Assigned task: Copy the data exactly; pictures stay out of the copy.

Data shown:
+ + + +

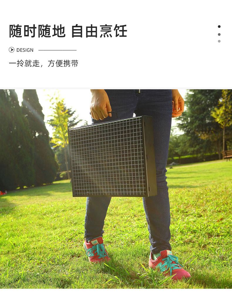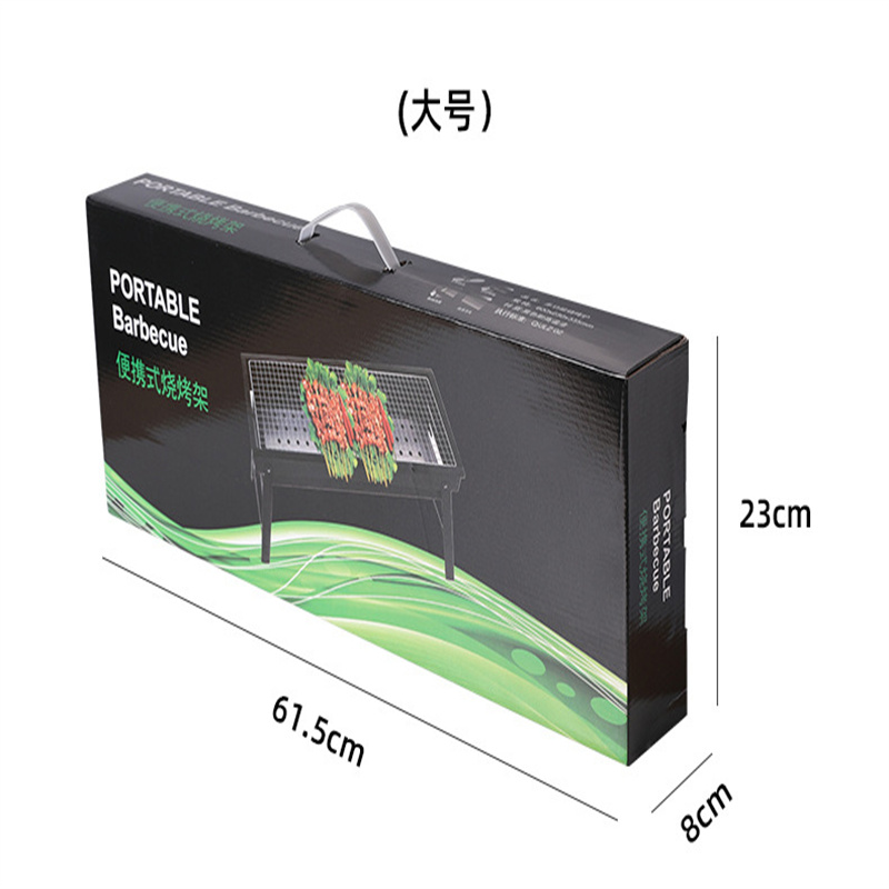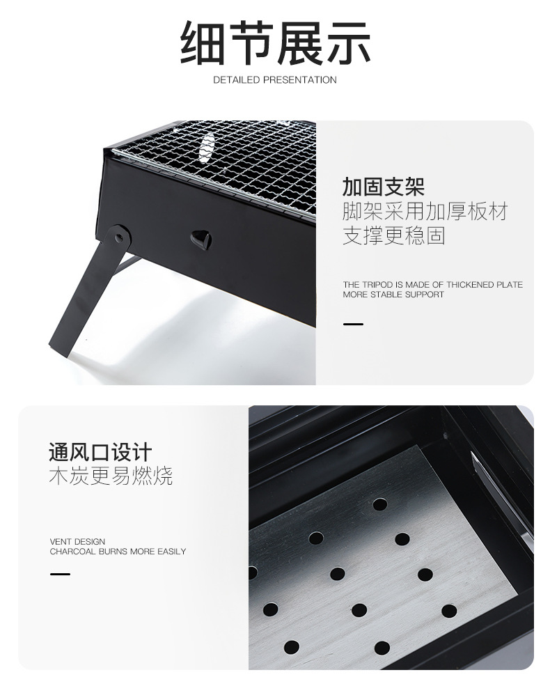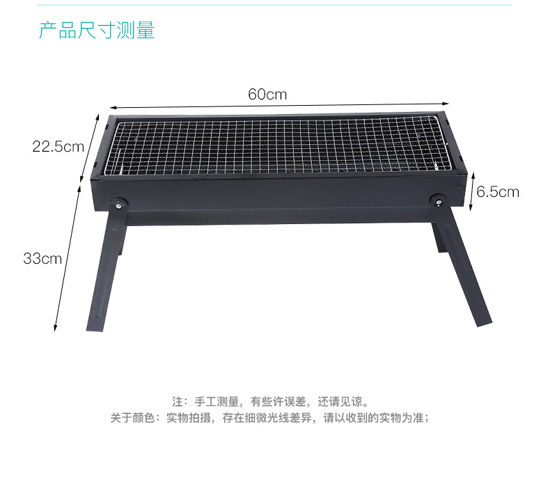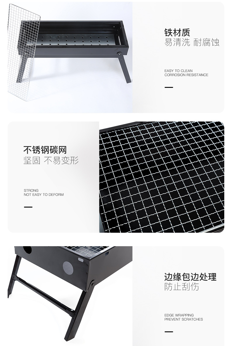 材质:冷扎铁 展开尺寸:63.5*42*48cm 颜色:铁黑 类型:炭烧烤架 净重:2.6kg 包装:PE+彩盒 1、便携折叠设计,不占空间; 2、大尺寸大容量,冷扎铁底座; 3、分布式设计,受热均匀; 4、精美彩盒包装;
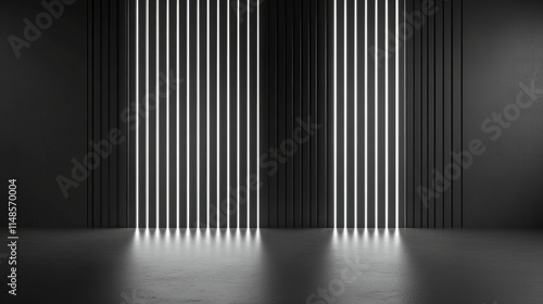 A minimalist space featuring vertical light, background, elegant strips against a dark background.
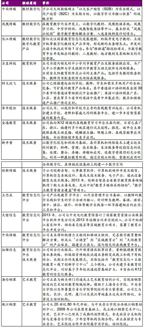 1、涉及数字化教育产品:包括中南传媒、凤凰传媒、长江传媒以 及方直科技。
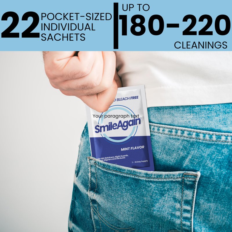 Smile Again Retainer Cleaner | 180 Cleanings (22 Pack/6 Month Supply) | For Clear Aligners, Dentures, Retainers, Mouth Guards & Night Guards - Cleaning Crystals, Mint

+ + + +

Answer to this problem:
 材质:冷扎铁 展开尺寸:63.5*42*48cm 颜色:铁黑 类型:炭烧烤架 净重:2.6kg 包装:PE+彩盒 1、便携折叠设计,不占空间; 2、大尺寸大容量,冷扎铁底座; 3、分布式设计,受热均匀; 4、精美彩盒包装;
 A minimalist space featuring vertical light, background, elegant strips against a dark background.
 1、涉及数字化教育产品:包括中南传媒、凤凰传媒、长江传媒以 及方直科技。
 Smile Again Retainer Cleaner | 180 Cleanings (22 Pack/6 Month Supply) | For Clear Aligners, Dentures, Retainers, Mouth Guards & Night Guards - Cleaning Crystals, Mint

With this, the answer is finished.